Tag Archives: milwaukee county board

Analysis: County board out for revenge against Abele 

Three times in 40 years — in the 1950s, in the ’70s and in the ’90s — the Township and the Borough of Princeton, New Jersey, tried unsuccessfully to merge. The two finally combined into the new Municipality of Princeton a few years ago, allowing them to cut out redundant services and save millions on policing, snow removal and trash pickup.

But the Municipality of Princeton, formed in 2013, is an exception. Consolidations have often been discussed and studied, but the mergers rarely take place. And, based on the politics of the Milwaukee County Executive race, they’re very unlikely to occur in Wisconsin any time soon.
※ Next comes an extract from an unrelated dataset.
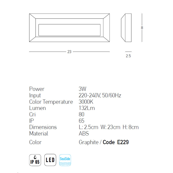 Απλίκα εξωτερικού χώρου από την εταιρεία Zambelis με μίνιμαλ σχεδιασμό. Είναι κατασκευασμένη από πλαστικό ABS σε γκρι χρώμα. Έχει βαθμό στεγανότητας IP65, που την καθιστά κατάλληλη για τοποθέτηση και σε εξωτερικό χώρο. Διαθέτει ενσωματωμένη πλακέτα Led με ισχύ 3W, θερμού λευκού φωτισμού 3000K και φωτεινότητας 132Lm. Ιδανική για παραθαλάσσια μέρη. Εγγύηση 2 χρόνια. Μετά το πέρας της εγγύησης, ενδεχόμενες επισκευές πραγματοποιούνται κατόπιν επικοινωνίας με τo Spitishop. Tο προϊόν θα αποσταλεί στον επίσημο προμηθευτή, ο οποίος καθορίζει και το κόστος επισκευής. Τάση: 220-240Volt.

There are 3,069 counties in the country, and many of them provide redundant services in areas such as policing, snow removal and trash pickup. Across the country, advocates of consolidation, including governors like New Jersey’s Chris Christie and Illinois’ Bruce Rauner, both Republicans, say combining county and municipal governments will streamline services and save taxpayers money. But according to the National Association of Counties, cities and counties have only combined 42 times since the 19th century, according to The Pew Charitable Trusts.
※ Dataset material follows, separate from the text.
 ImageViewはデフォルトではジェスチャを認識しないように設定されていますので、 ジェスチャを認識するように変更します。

An Illinois report released in December sparked a conversation in that state and in others. It found that living in an area with too many layers of government increases property taxes on residents (the report didn’t break out business taxes) and makes it all but impossible to remember which governmental entity governs what.

The issue is of particular signficance in Wisconsin, which has the most bloated county governments of any state in the nation. In fact 10 percent of all county-level legislators in the United States reside in the state.
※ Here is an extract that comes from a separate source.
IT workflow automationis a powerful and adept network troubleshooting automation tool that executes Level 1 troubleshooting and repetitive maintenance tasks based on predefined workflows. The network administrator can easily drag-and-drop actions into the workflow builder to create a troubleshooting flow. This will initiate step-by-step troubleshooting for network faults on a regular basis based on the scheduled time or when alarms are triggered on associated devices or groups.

While Los Angeles County has five supervisors, Dane County has 37. Milwaukee County has 17 supervisors, compared to 18 in Cook County. And, unlike Cook County, every resident of Milwaukee County also lives within the jurisdiction of a city, town or village government. No part of the county is unincorporated.

But realigning county government is a political hot potato that few leaders in the state appear willing to address. Just consider the backlash against Milwaukee County Executive Chris Abele over Act 14, even though it was passed by the Legislature and the voters.  That law placed a binding referendum on the county ballot asking voters if Milwaukee County supervisors should be made part-time as opposed to full-time employees.

More than 70 percent of county voters chose part-time status. Voters also approved eliminating supervisors’ pension and health benefits. The changes brought the county’s pay more in line with others in the state and made money available for services rather than bureaucrats.

Even though Act 14 didn’t merge city and county functions, it still incurred the wrath of county supervisors against Abele. They’ve piled on him in every way possible, waging what’s seemed like a permanent campaign against him in the media.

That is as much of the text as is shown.